◆ **Work instructions**: Reproduce the entire listing exactly as written, apart from its pictures.
(Beginning of Study material)
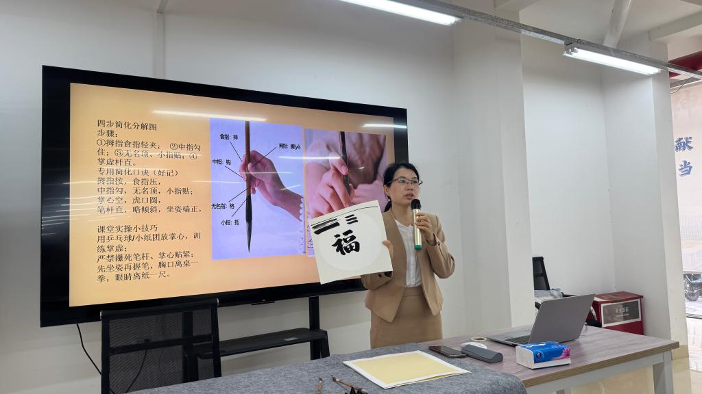 活动现场,特邀书法老师陈双谷为同学们带来了一场生动的书法入门课。陈老师系统讲解了书法的基础知识与核心运笔技巧,并以娴熟的笔法进行了现场示范,将汉字的结构之美与线条的韵律之美娓娓道来,引发了同学们的浓厚兴趣。
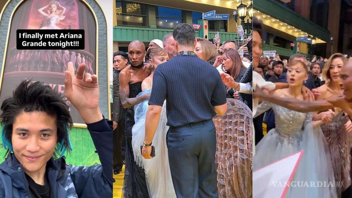 De acuerdo con varios videos difundidos en redes sociales, mientras Ariana caminaba junto a Michelle Yeoh y Cynthia Erivo, un hombre se lanzó sobre ella para abrazarla, logrando desequilibrarla.
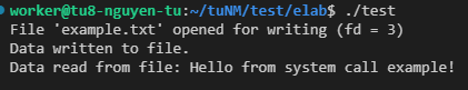 Line 21-22: write() ghi dữ liệu từ text vào file được mở bởi fd. strlen(text) xác định số byte cần ghi.
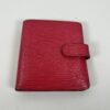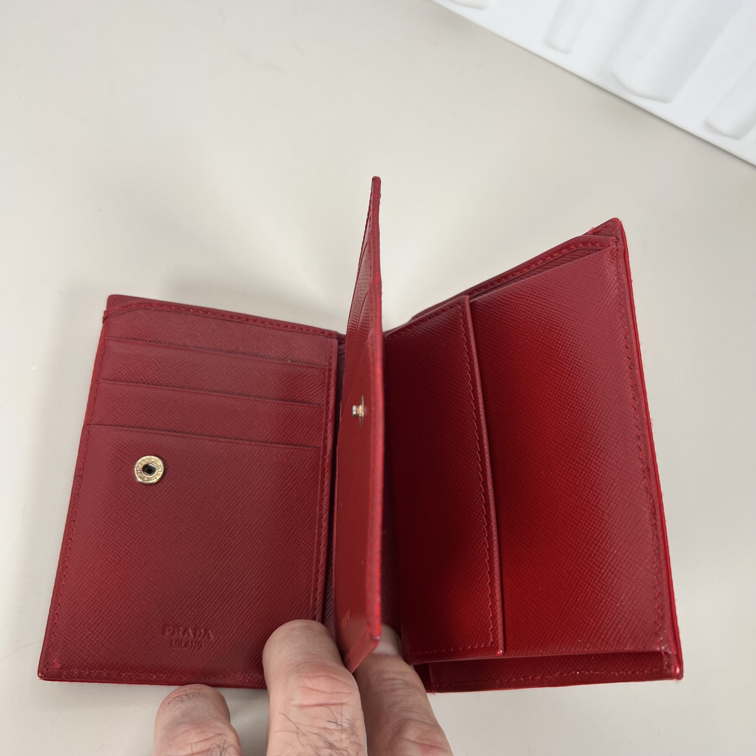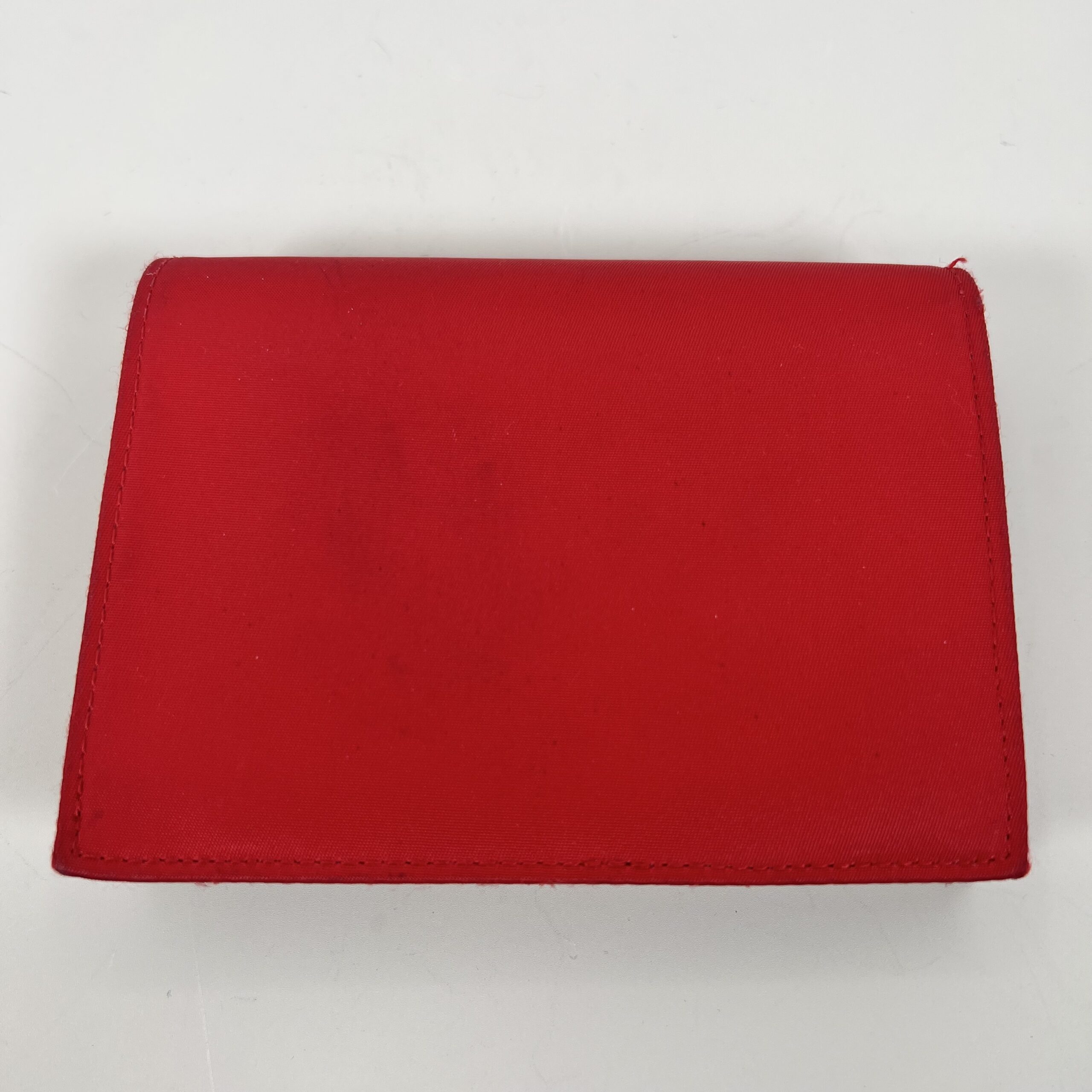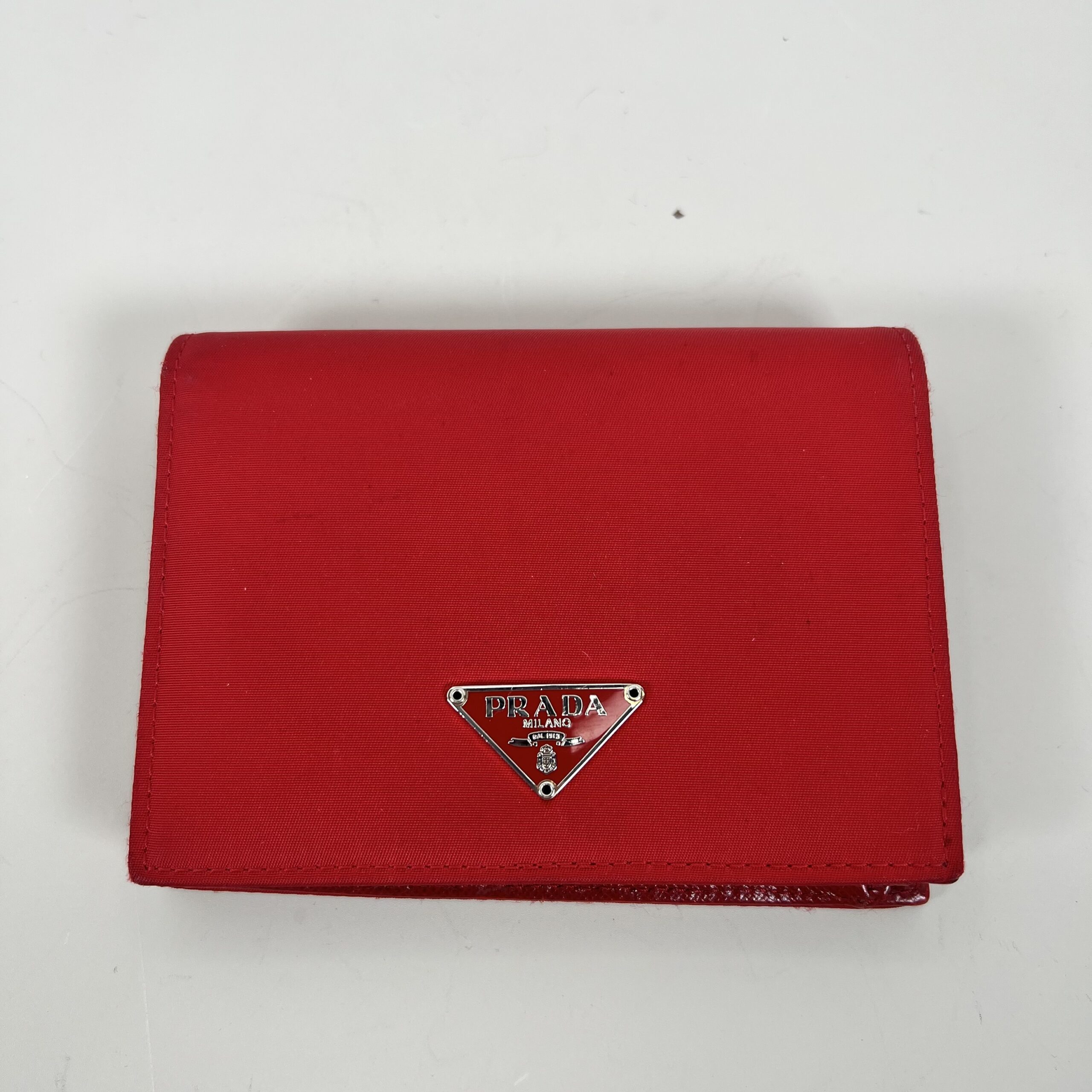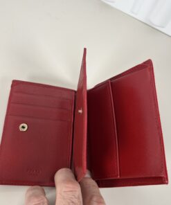 This Prada wallet is crafted from iconic red Saffiano leather and features the signature metal triangle logo on the front flap. Saffiano leather is known for its distinctive crosshatch texture, which makes it durable, scratch-resistant, and easy to clean—perfect for an everyday accessory.
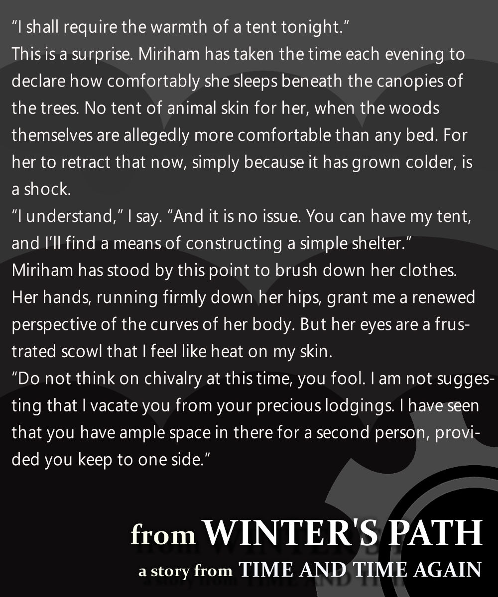 - Winter's Path (fantasy, 7,400 words). A human diplomat and a haughty elf princess huddle for warmth on a shared journey. (Currently being expanded in the Laymen serial!)
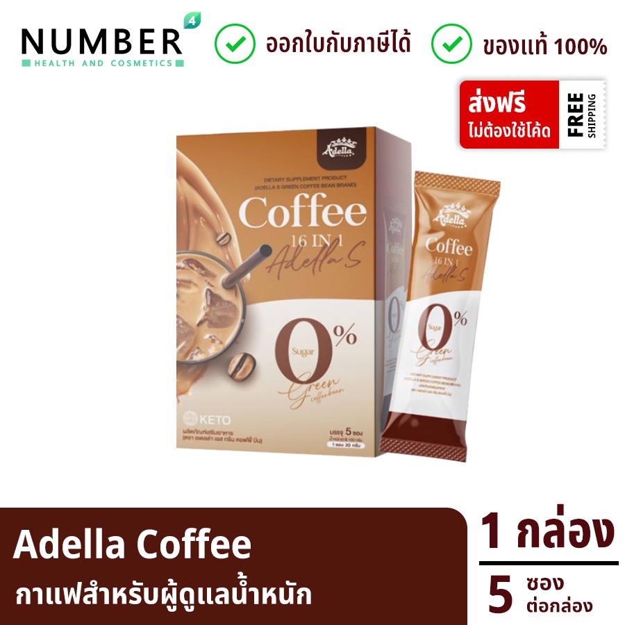 ส่งด่วน!! Adella S Green Coffee กาแฟคุมหิว กาแฟอเดลล่า 1 กล่อง กล่องละ 5 ซอง
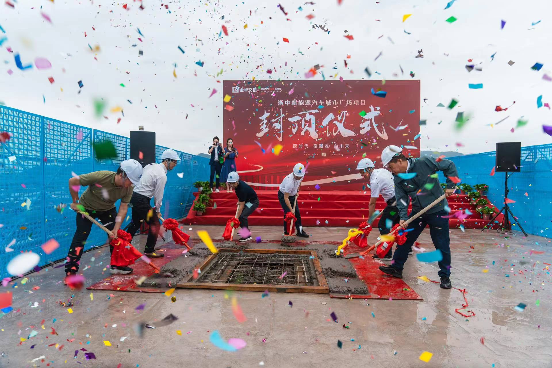 隨著參建各方代表共同揮鍬澆下最后一方混凝土,浙中新能源汽車城市廣場項(xiàng)目主體建筑順利實(shí)現(xiàn)結(jié)頂。
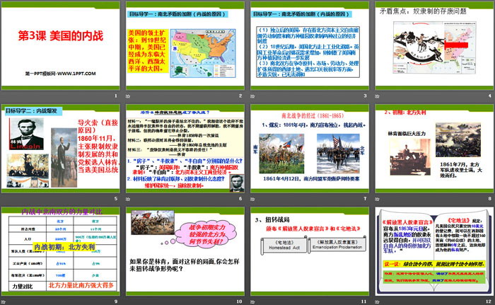 关键词:部编人教版九年级下册历史PPT课件免费下载,美国的内战PPT下载,.PPT格式;
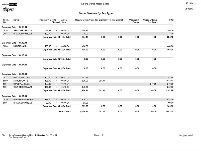 Room Revenue by Tax (tax_type_details with GEN1.FMX)
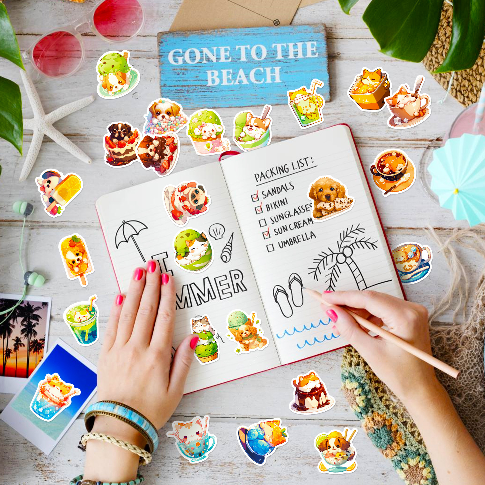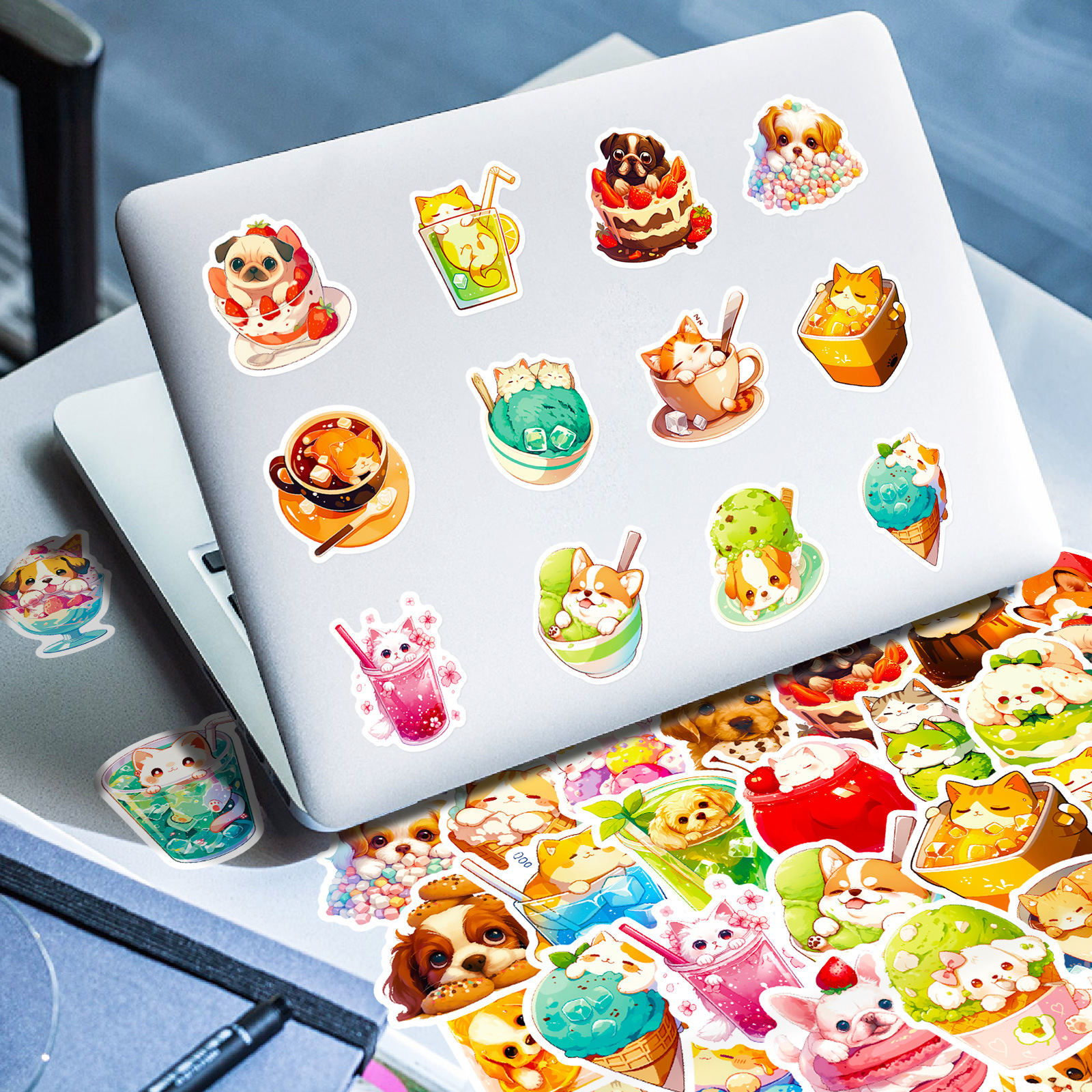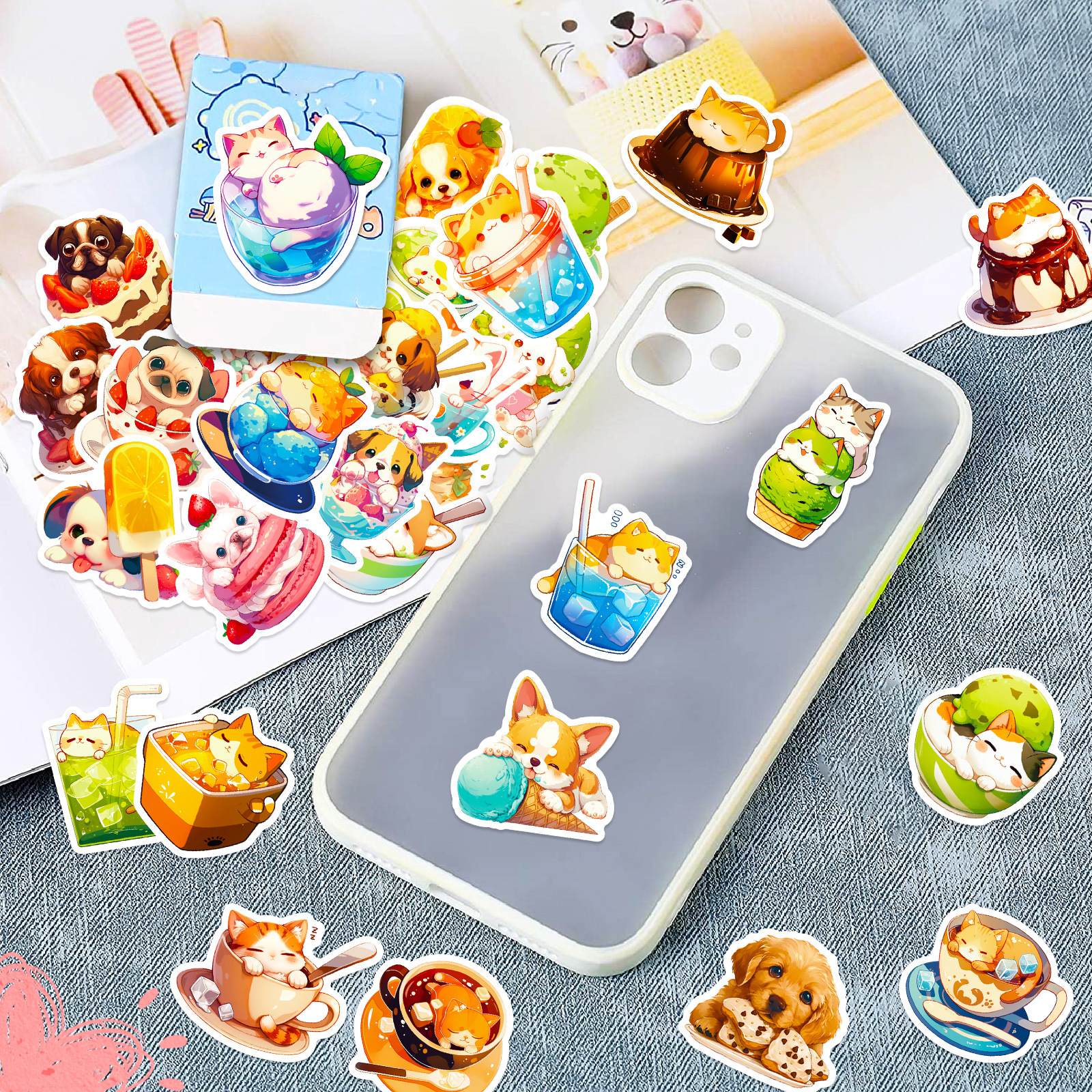 50 창조적 인 귀여운 음식 고양이 개 낙서 스티커 푸딩 고양이 아이스크림 강아지는 재미 스티커를 반복하지 않습니다스토어 가기
(End of Study material)
◆ **Answer**:
 活动现场,特邀书法老师陈双谷为同学们带来了一场生动的书法入门课。陈老师系统讲解了书法的基础知识与核心运笔技巧,并以娴熟的笔法进行了现场示范,将汉字的结构之美与线条的韵律之美娓娓道来,引发了同学们的浓厚兴趣。
 De acuerdo con varios videos difundidos en redes sociales, mientras Ariana caminaba junto a Michelle Yeoh y Cynthia Erivo, un hombre se lanzó sobre ella para abrazarla, logrando desequilibrarla.
 Line 21-22: write() ghi dữ liệu từ text vào file được mở bởi fd. strlen(text) xác định số byte cần ghi.
 This Prada wallet is crafted from iconic red Saffiano leather and features the signature metal triangle logo on the front flap. Saffiano leather is known for its distinctive crosshatch texture, which makes it durable, scratch-resistant, and easy to clean—perfect for an everyday accessory.
 - Winter's Path (fantasy, 7,400 words). A human diplomat and a haughty elf princess huddle for warmth on a shared journey. (Currently being expanded in the Laymen serial!)
 ส่งด่วน!! Adella S Green Coffee กาแฟคุมหิว กาแฟอเดลล่า 1 กล่อง กล่องละ 5 ซอง
 隨著參建各方代表共同揮鍬澆下最后一方混凝土,浙中新能源汽車城市廣場項(xiàng)目主體建筑順利實(shí)現(xiàn)結(jié)頂。
 关键词:部编人教版九年级下册历史PPT课件免费下载,美国的内战PPT下载,.PPT格式;
 Room Revenue by Tax (tax_type_details with GEN1.FMX)
 50 창조적 인 귀여운 음식 고양이 개 낙서 스티커 푸딩 고양이 아이스크림 강아지는 재미 스티커를 반복하지 않습니다스토어 가기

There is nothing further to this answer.